Dipeptide-Based Models of Nickel Superoxide Dismutase: Solvent Effects Highlight a Critical Role to Ni–S Bonding and Active Site Stabilization

Nickel superoxide dismutase (Ni–SOD) catalyzes the disproportionation of the superoxide radical to O2 and H2O2 utilizing the Ni(III/II) redox couple. The Ni center in Ni–SOD resides in an unusual coordination environment that is distinct from other SODs. In the reduced state (Ni–SODred), Ni(II) is ligated to a primary amine-N from His1, anionic carboxamido-N/thiolato-S from Cys2, and a second thiolato-S from Cys6 to complete a NiN2S2 square-planar coordination motif. Utilizing the dipeptide N2S2– ligand, H2N-Gly-l-Cys-OMe (GC-OMeH2), an accurate model of the structural and electronic contributions provided by His1 and Cys2 in Ni–SODred, we constructed the dinuclear sulfur-bridged metallosynthon, [Ni2(GC-OMe)2] (1). From 1 we prepared the following monomeric Ni(II)–N2S2 complexes: K[Ni(GC-OMe)(SC6H4-p-Cl)] (2), K[Ni(GC-OMe)(S t Bu)] (3), K[Ni(GC-OMe)(SC6H4-p-OMe)] (4), and K[Ni(GC-OMe)(SNAc)] (5). The design strategy in utilizing GC-OMe2– is analogous to one which we reported before (see Inorg. Chem. 2009, 48, 5620 and Inorg.

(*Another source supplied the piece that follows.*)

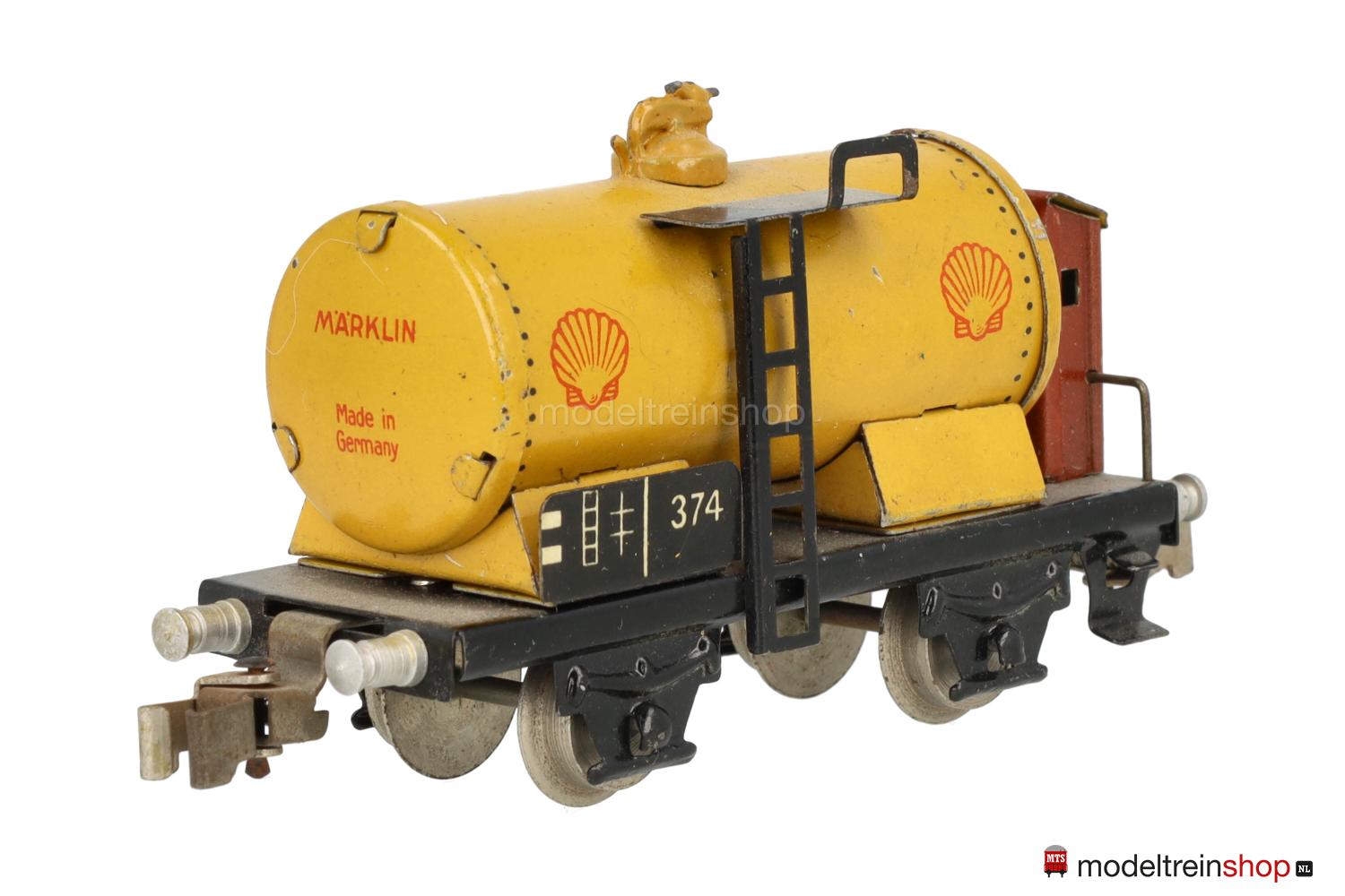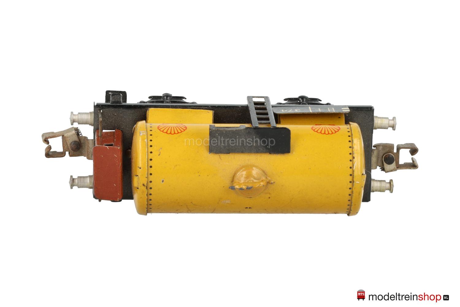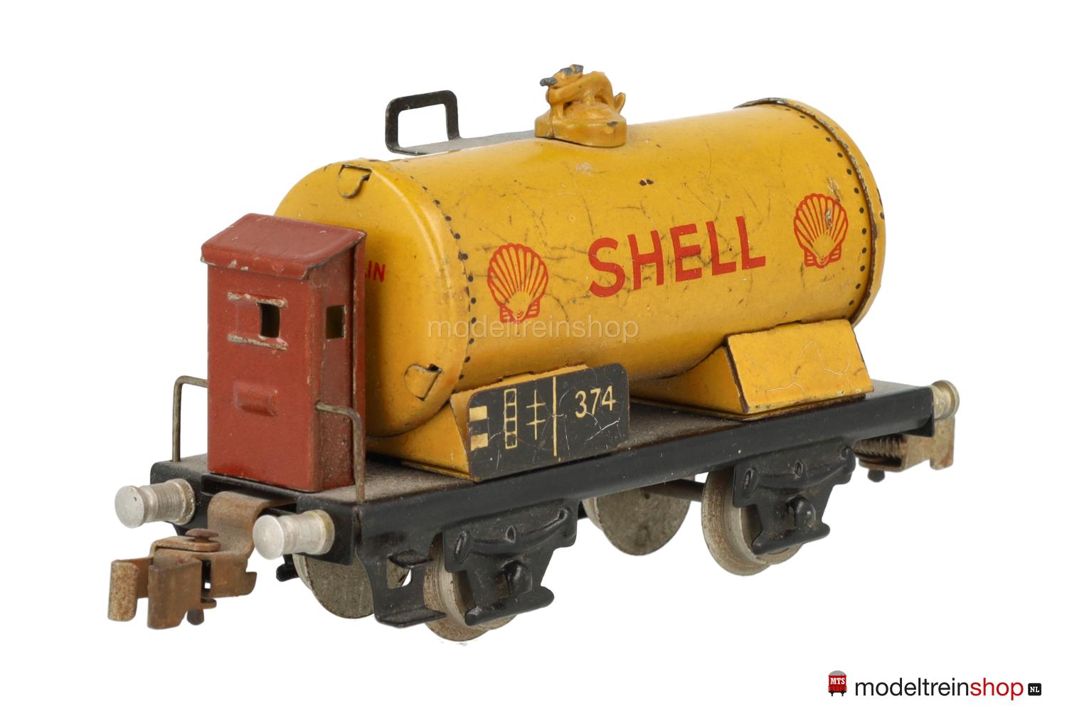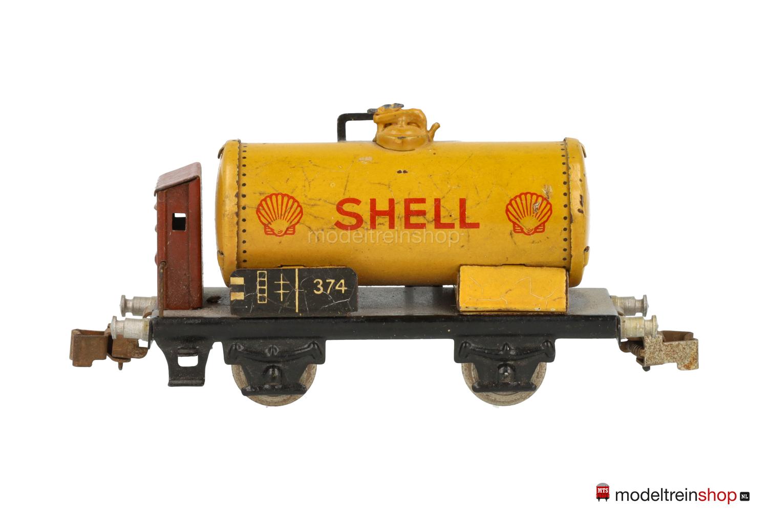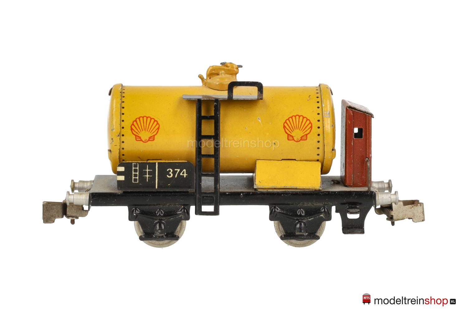 Schwarzes Blech-Untergestell mit Trittstufen und Geländer am Bremserhaus, Radsätze mit Stummelachsen. Gelber Blech-Kessel, rote SHELL-Embleme, braunes Bremserhaus (in verschiedenen Farbnuancen ausgeliefert), Leiter und Laufsteg aus Metall, Gattungsschilder mit Aufschrift “374”.

Chem. 2010, 49, 7080) where Ni–SODred active site mimics can be assembled at will with electronically variant RS– ligands. Discussed herein is our initial account pertaining to the aqueous behavior of isolable, small-molecule Ni–SOD model complexes (non-maquette based). Spectroscopic (FTIR, UV–vis, ESI-MS, XAS) and electrochemical (CV) measurements suggest that 2–5 successfully simulate many of the electronic features of Ni–SODred. Furthermore, the aqueous studies reveal a dynamic behavior with regard to RS– lability and bridging interactions, suggesting a stabilizing role brought about by the protein architecture.